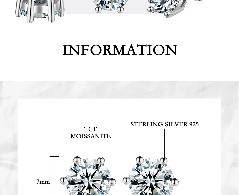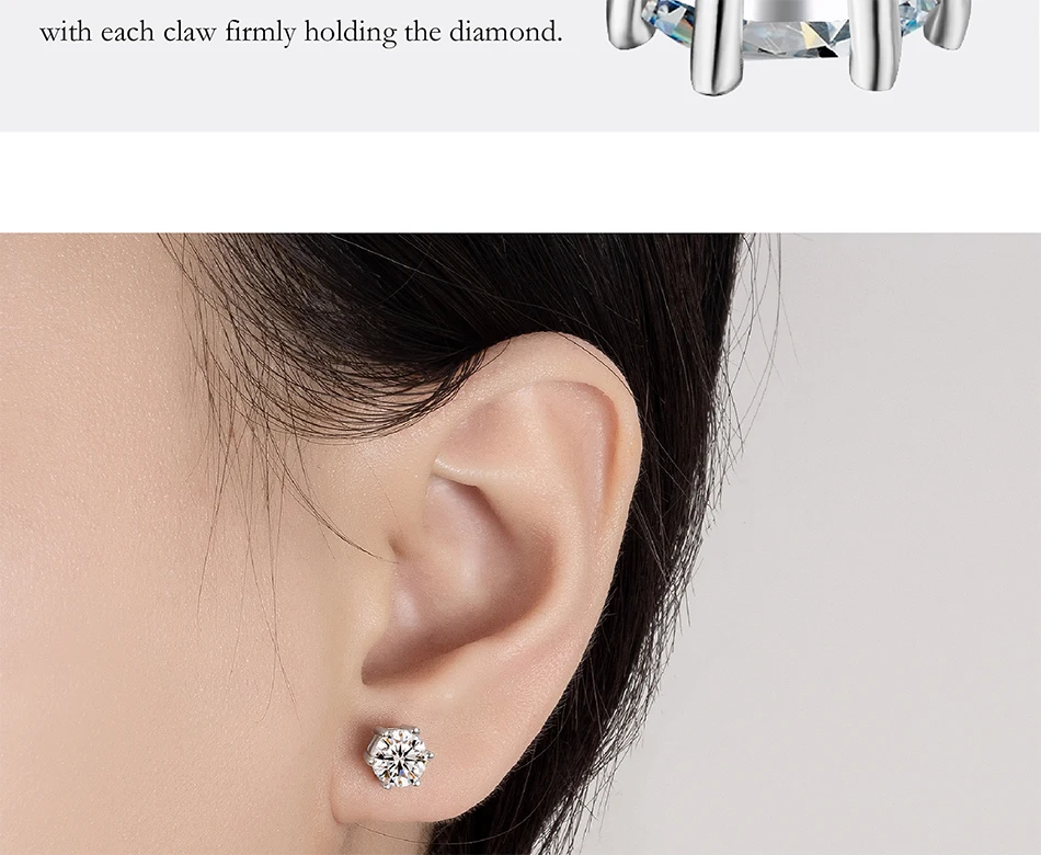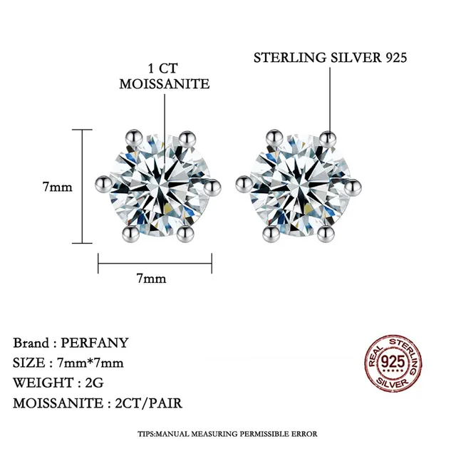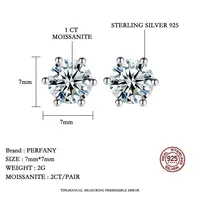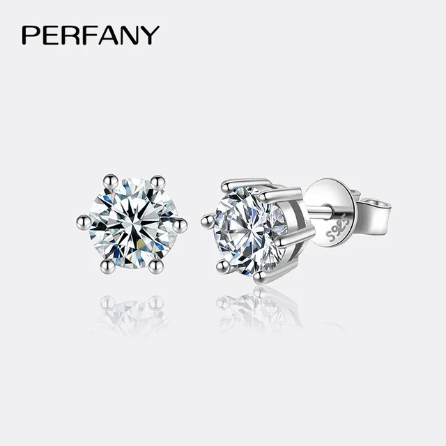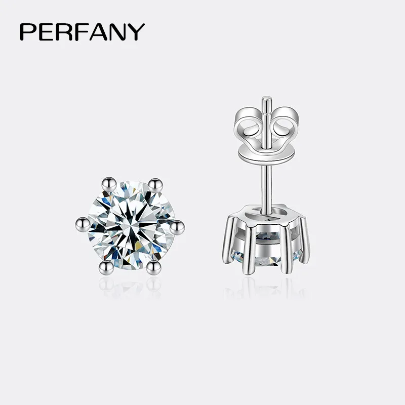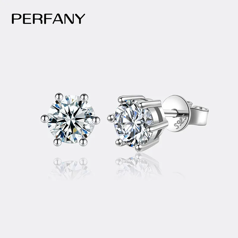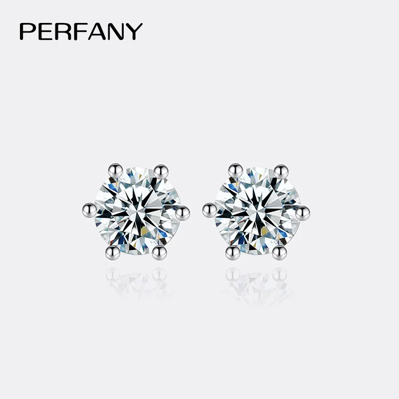 PERFANY 0.2-2CT Moissanite Earrings For Women S925 Pure Silver Classic Six Claw Shiny Laboratory Diamond
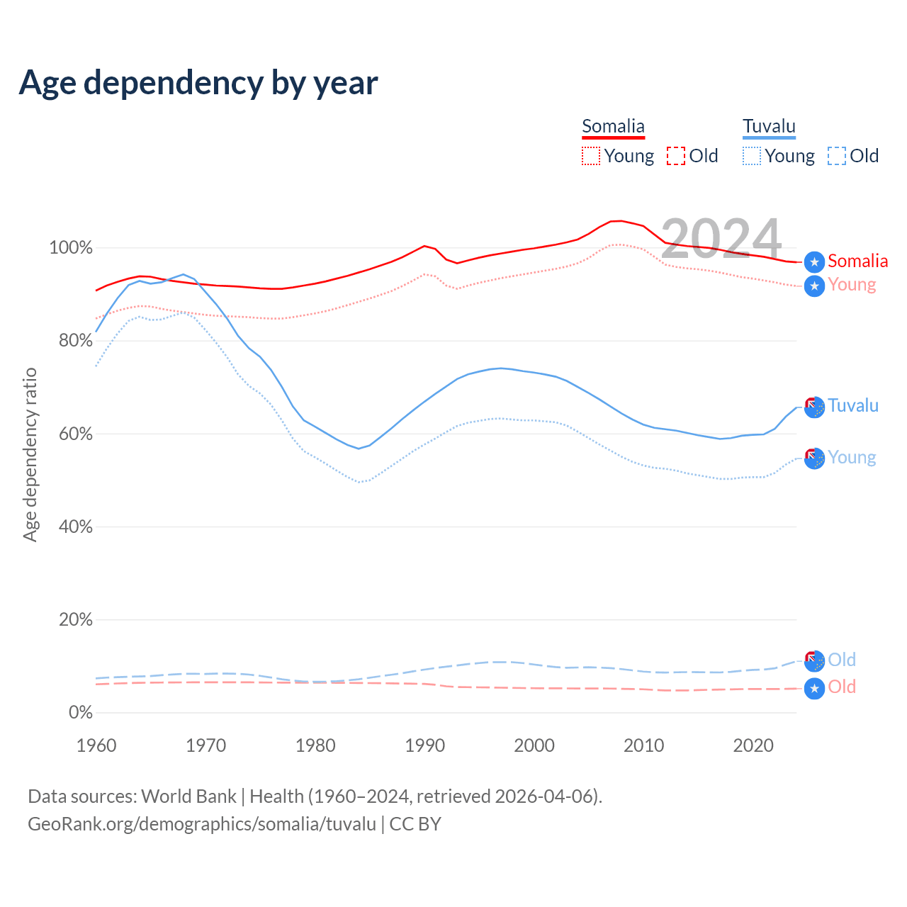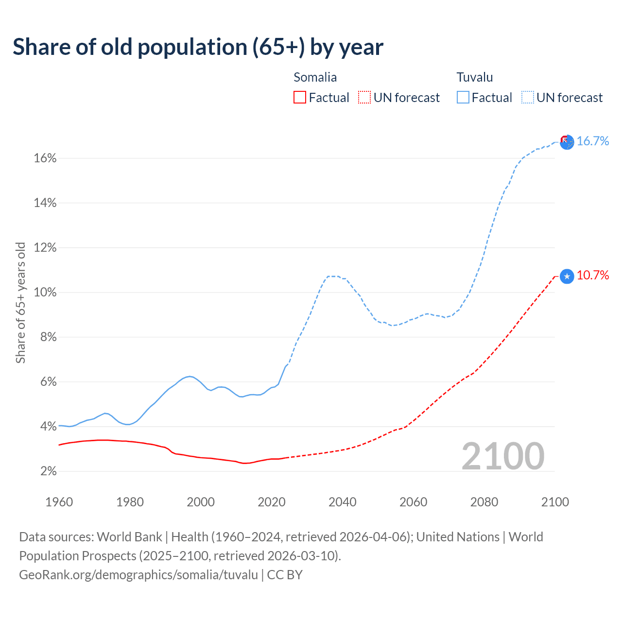 - The share of old-age demographic (65+) in Somalia is 2.59% vs 6.67% in Tuvalu.
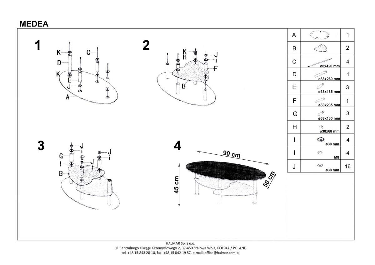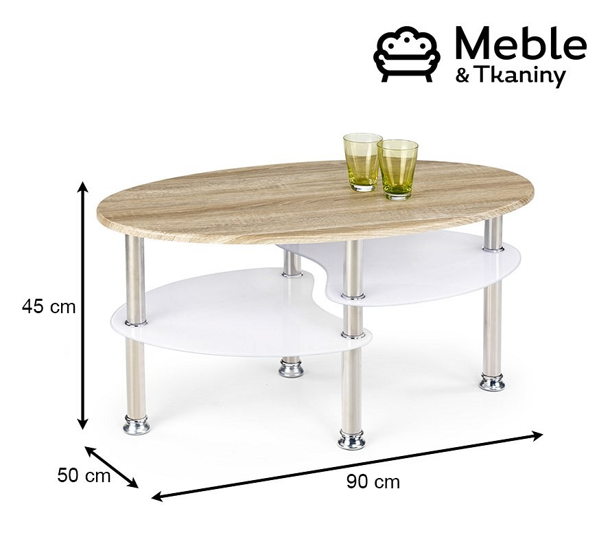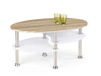 Elipsowata ława Medea idealnie sprawdzi się wszędzie tam, gdzie potrzebujemy charakterystycznego akcentu dekoracyjnego. Posiada trzy powierzchnie użytkowe. Górna wykonana została z laminowanej płyty MDF w kolorze dębu sonoma. Dwie dolne, ułożone schodkowo, to natomiast białe szkło. Połączenie to nadaje temu modelowi uniwersalnego charakteru, który sprawdzi się w każdym nowoczesnym pomieszczeniu.
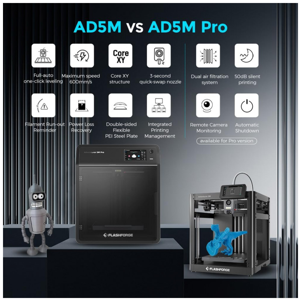 Impressora 3D FLASHFORGE AD5M Velocidade de 600mm/s Auto Nivelamento em 1 Clique Volume de Impressão 220x220x220mm

* **Required work**:
For this exercise, return the material word for word and drop each image.

* **Output below**:
 PERFANY 0.2-2CT Moissanite Earrings For Women S925 Pure Silver Classic Six Claw Shiny Laboratory Diamond
 - The share of old-age demographic (65+) in Somalia is 2.59% vs 6.67% in Tuvalu.
 Elipsowata ława Medea idealnie sprawdzi się wszędzie tam, gdzie potrzebujemy charakterystycznego akcentu dekoracyjnego. Posiada trzy powierzchnie użytkowe. Górna wykonana została z laminowanej płyty MDF w kolorze dębu sonoma. Dwie dolne, ułożone schodkowo, to natomiast białe szkło. Połączenie to nadaje temu modelowi uniwersalnego charakteru, który sprawdzi się w każdym nowoczesnym pomieszczeniu.
 Impressora 3D FLASHFORGE AD5M Velocidade de 600mm/s Auto Nivelamento em 1 Clique Volume de Impressão 220x220x220mm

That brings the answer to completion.